Dark areas must be less saturated to appear ‘natural’

The real differences in translation amount to what is probably best described as ‘strange tones’ and ‘subjects that looked a lot stronger in reality’. Tones look strange, because as mentioned before, a camera responds linearly to both luminance and color, but our eyes do not. Achieving this linearity has been the goal of engineers since the the advent of the device. However, now that the technical capabilities of sensors have come close to matching the eye in both resolution and absolute dynamic range – more thought needs to be given to the output presentation.

Anybody who has a color-sensitive eye and subsequently attempted to use a spectrometer to profile a monitor, camera or printer will know that the results aren’t quite what you expect. Even on a wide-gamut monitor, you may still land up with the images not quite appearing like reality; this is simply because a spectrometer functions like a camera – but we interpret the output with our eyes. The calibration profile put out by the spectrometer (in the form of brightness map instructions so that each RGB pixel matches an absolute color on output) is tuned for absolute output, not perceptual output. So you may still be able to achieve 100% saturation at 10% luminance, even if in reality our eyes cannot perceive this. This may at first seem odd: if we can’t perceive it, how would we know the calibration looks incorrect? Remember too that the luminance of the output device isn’t linear, either – introducing another complication into the equation. In other words, blacks are not truly black (even though they are input as RGB 0,0,0). This makes more of a difference to output than you might think, and it’s also the reason why after trying a large variety of calibration tools – I still find the best results to be achieved by eye because this is the ultimate viewing/input device anyway.

You’ll notice I haven’t said anything about dynamic range: this is a very difficult question to answer in absolute terms, but I have a feeling that the eyes are very highlight-biased. By that, I meant that we see shadows blocking up to black fairly quickly; it’s normal to see black. But it isn’t at all normal to see something fully over saturated to white with no spatial detail whatsoever – it has to be a painfully bright object for this to happen. Of course, the response is again nonlinear: we have less ability to differentiate between different luminance levels the brighter those luminance levels become. This is not the same as any sensor: most of the time, it’s a linear input-output relationship. The closest camera I’ve seen to matching this nonlinearity is the D810 or Hasselblad CMOS in combination with ACR 8x – shadow recoverability is traded for a very long highlight shoulder. This is not so good for working in low light because of the noise penalty, but it renders normal to bright scenes better than anything else I’ve seen.

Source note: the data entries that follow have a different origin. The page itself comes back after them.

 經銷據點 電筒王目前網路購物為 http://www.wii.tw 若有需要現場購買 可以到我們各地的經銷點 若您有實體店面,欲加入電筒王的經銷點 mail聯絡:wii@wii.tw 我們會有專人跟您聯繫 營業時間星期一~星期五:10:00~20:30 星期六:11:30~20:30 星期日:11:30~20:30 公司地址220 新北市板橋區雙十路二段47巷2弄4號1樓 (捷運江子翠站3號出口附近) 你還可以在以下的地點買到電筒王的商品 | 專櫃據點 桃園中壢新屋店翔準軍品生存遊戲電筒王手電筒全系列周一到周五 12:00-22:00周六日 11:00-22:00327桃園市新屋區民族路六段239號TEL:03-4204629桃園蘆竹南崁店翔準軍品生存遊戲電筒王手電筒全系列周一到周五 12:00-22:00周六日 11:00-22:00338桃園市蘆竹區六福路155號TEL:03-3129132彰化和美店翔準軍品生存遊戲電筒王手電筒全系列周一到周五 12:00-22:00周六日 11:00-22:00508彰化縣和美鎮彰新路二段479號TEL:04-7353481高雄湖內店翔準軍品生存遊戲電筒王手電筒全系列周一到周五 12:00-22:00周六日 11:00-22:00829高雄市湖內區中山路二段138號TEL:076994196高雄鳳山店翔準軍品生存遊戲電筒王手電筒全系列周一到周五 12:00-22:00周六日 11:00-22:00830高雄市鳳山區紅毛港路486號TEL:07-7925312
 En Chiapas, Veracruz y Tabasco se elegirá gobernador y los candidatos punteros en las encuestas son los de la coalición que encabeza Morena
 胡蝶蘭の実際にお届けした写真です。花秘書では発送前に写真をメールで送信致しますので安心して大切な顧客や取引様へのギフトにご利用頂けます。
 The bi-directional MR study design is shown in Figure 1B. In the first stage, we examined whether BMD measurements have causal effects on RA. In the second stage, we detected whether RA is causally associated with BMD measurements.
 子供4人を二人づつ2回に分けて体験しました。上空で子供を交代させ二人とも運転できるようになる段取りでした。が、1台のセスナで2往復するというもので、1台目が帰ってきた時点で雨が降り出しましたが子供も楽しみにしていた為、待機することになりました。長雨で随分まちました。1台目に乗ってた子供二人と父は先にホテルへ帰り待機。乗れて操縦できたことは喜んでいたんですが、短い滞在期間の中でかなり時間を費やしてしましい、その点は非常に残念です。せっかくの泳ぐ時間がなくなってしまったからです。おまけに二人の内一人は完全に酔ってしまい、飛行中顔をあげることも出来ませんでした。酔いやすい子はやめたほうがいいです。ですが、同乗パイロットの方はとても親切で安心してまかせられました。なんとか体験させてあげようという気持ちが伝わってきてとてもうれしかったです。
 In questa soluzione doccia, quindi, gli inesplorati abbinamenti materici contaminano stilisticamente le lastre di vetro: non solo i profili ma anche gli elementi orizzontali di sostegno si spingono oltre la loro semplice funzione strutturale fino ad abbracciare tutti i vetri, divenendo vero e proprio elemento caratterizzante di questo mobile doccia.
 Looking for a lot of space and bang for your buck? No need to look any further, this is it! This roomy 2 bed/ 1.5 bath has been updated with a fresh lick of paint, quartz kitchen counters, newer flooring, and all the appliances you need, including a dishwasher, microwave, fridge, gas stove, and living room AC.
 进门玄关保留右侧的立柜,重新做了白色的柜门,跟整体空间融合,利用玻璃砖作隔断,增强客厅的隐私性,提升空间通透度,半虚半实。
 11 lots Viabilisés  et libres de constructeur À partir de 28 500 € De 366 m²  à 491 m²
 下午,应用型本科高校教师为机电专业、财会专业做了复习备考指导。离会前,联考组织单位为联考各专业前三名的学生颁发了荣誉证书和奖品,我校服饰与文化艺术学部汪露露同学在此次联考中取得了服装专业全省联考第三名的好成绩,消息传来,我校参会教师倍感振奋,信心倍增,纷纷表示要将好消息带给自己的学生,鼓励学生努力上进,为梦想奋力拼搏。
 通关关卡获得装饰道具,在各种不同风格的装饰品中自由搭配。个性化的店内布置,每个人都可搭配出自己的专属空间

Smooth, natural highlight rolloff is not so much about not clipping as clipping gradually.

The answer to the disconnect between perceived subject prominence and photographic prominence is related to the ability of our eyes to ‘lock in’ on one specific angle of view, letting the periphery fade out thanks to those less-sensitive and less-dense rods: the rest simply seems less prominent because we’re not taking in as much information in those areas. For reasons explained earlier, a camera doesn’t do this. Furthermore, when we view an image, we scan the entire image (and thus take in plenty of extraneous distractions) rather than instantly focus in on one specific area.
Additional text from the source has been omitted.